* Task directions: Pictures are not part of the copy. Reproduce all the records exactly.

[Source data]
*** Block opens ***
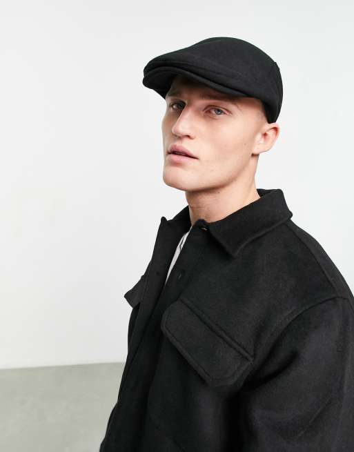 ASOS DESIGN - Casquette plate en laine melton - Noir
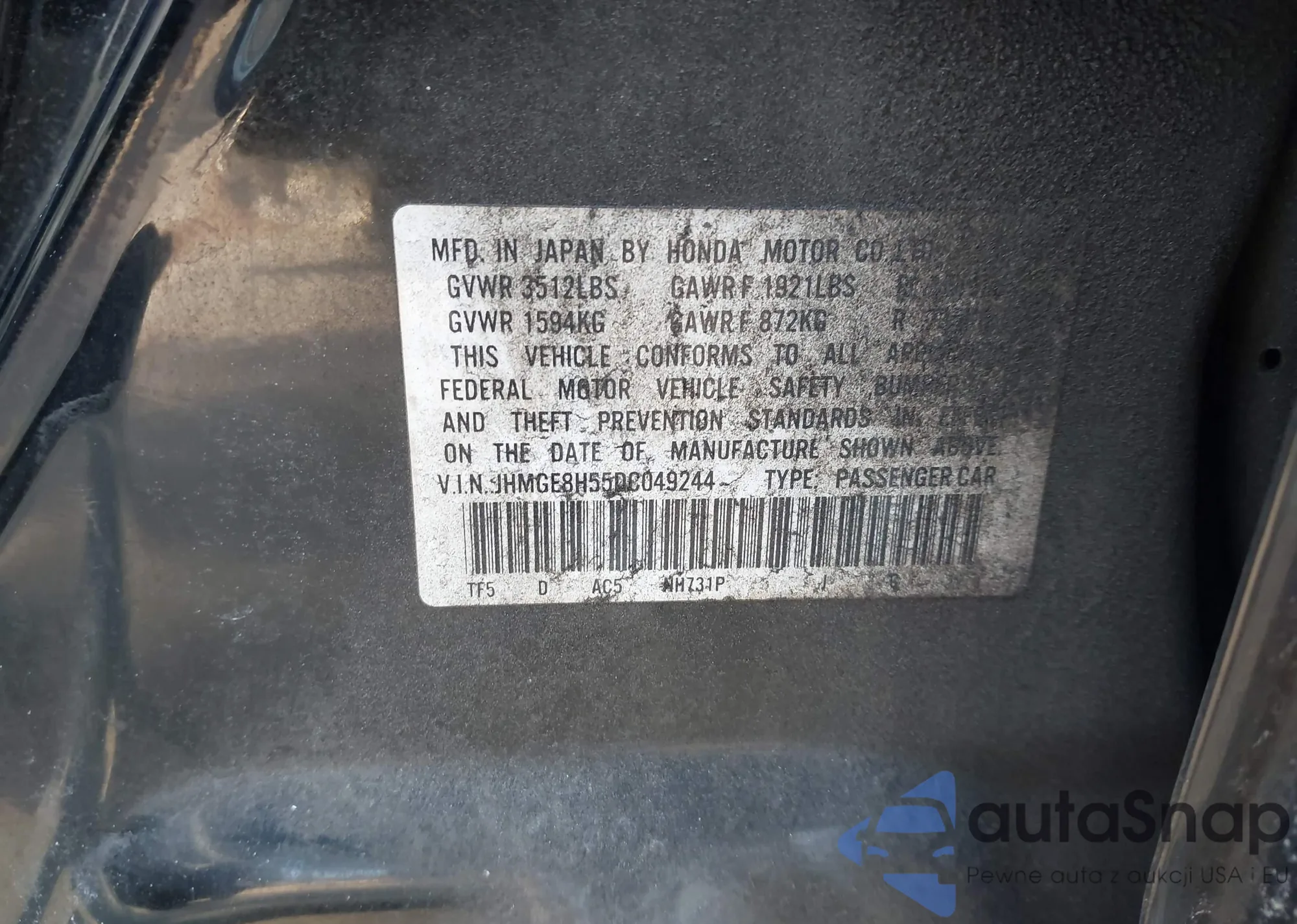 • VIN JHMGE8H55DC049244
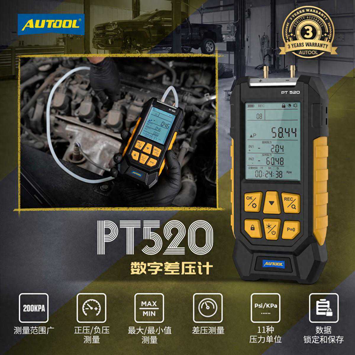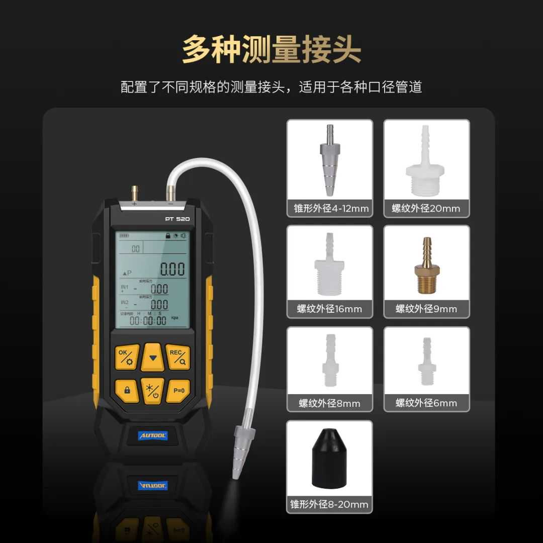 PT520是AUTOOL数字差压计系列中的基础款式,其性能和精度足以满足常见的差压测量要求。在汽车检测与维修领域,如果需要测量的差压范围较小并且主要应用于测量气流相关系统,那么选择PT520将会更加经济实惠且满足工作需求。
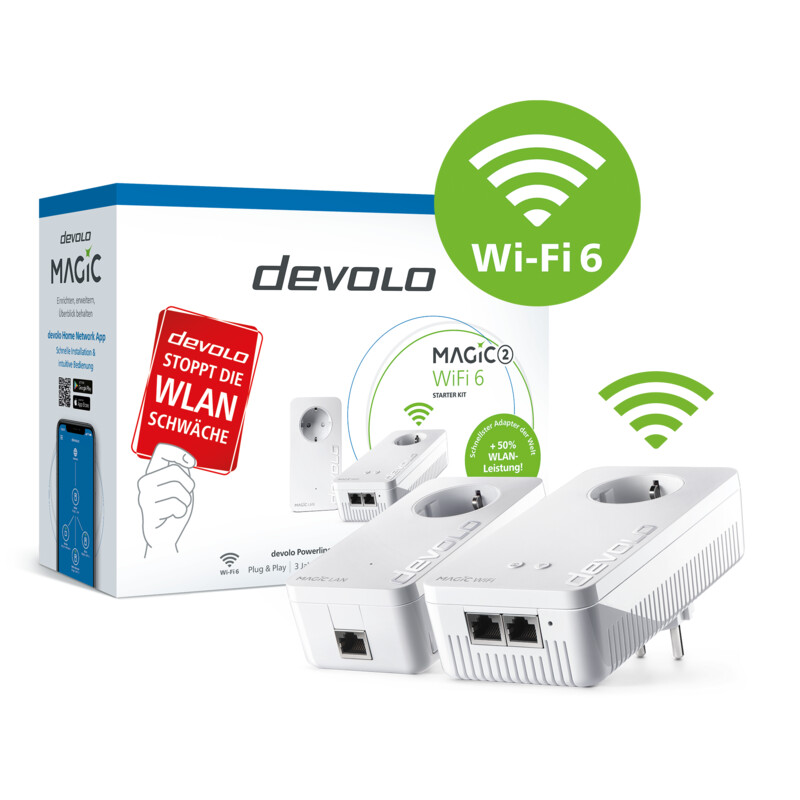 lieferbar-in 2-3 Werktagen bei dirDEVOLO Magic 2 WiFi 6 next Starter Kit Reichweitenverstärker, Powerline Mesh WLAN Verstärker 2x Adapter
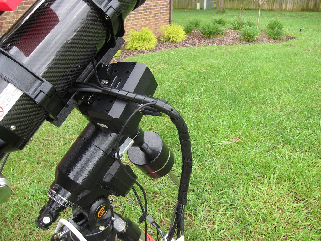 Tämä kiinnike on suunniteltu tarjoamaan tehokas kaapelinhallinta Exos-2-teleskooppiasennuksen jalustan jaloissa. Se toimii tukevana kaapelinpidikkeenä, joka auttaa pitämään kaapelit PMC-Eight-ohjauskotelosta asennukseen. Tämä minimoi kaapeleiden tarttumisen tai sotkeutumisen riskin, kun teleskooppi pyörii, mikä voi estää moottoreita pysähtymästä ja mahdollisesti vahingoittamasta laitteita. Pääohjauskaapeleiden lisäksi tätä johtoklipsiä voidaan käyttää myös lämpöjohtojen ja astrofotografiakameroiden kaapeleiden pitämiseen turvallisesti paikallaan, mikä edistää järjestelmällisempää ja ongelmattomampaa havainnointijaksoa.
*** Block closes ***
* Exercise output:
 ASOS DESIGN - Casquette plate en laine melton - Noir
 • VIN JHMGE8H55DC049244
 PT520是AUTOOL数字差压计系列中的基础款式,其性能和精度足以满足常见的差压测量要求。在汽车检测与维修领域,如果需要测量的差压范围较小并且主要应用于测量气流相关系统,那么选择PT520将会更加经济实惠且满足工作需求。
 lieferbar-in 2-3 Werktagen bei dirDEVOLO Magic 2 WiFi 6 next Starter Kit Reichweitenverstärker, Powerline Mesh WLAN Verstärker 2x Adapter
 Tämä kiinnike on suunniteltu tarjoamaan tehokas kaapelinhallinta Exos-2-teleskooppiasennuksen jalustan jaloissa. Se toimii tukevana kaapelinpidikkeenä, joka auttaa pitämään kaapelit PMC-Eight-ohjauskotelosta asennukseen. Tämä minimoi kaapeleiden tarttumisen tai sotkeutumisen riskin, kun teleskooppi pyörii, mikä voi estää moottoreita pysähtymästä ja mahdollisesti vahingoittamasta laitteita. Pääohjauskaapeleiden lisäksi tätä johtoklipsiä voidaan käyttää myös lämpöjohtojen ja astrofotografiakameroiden kaapeleiden pitämiseen turvallisesti paikallaan, mikä edistää järjestelmällisempää ja ongelmattomampaa havainnointijaksoa.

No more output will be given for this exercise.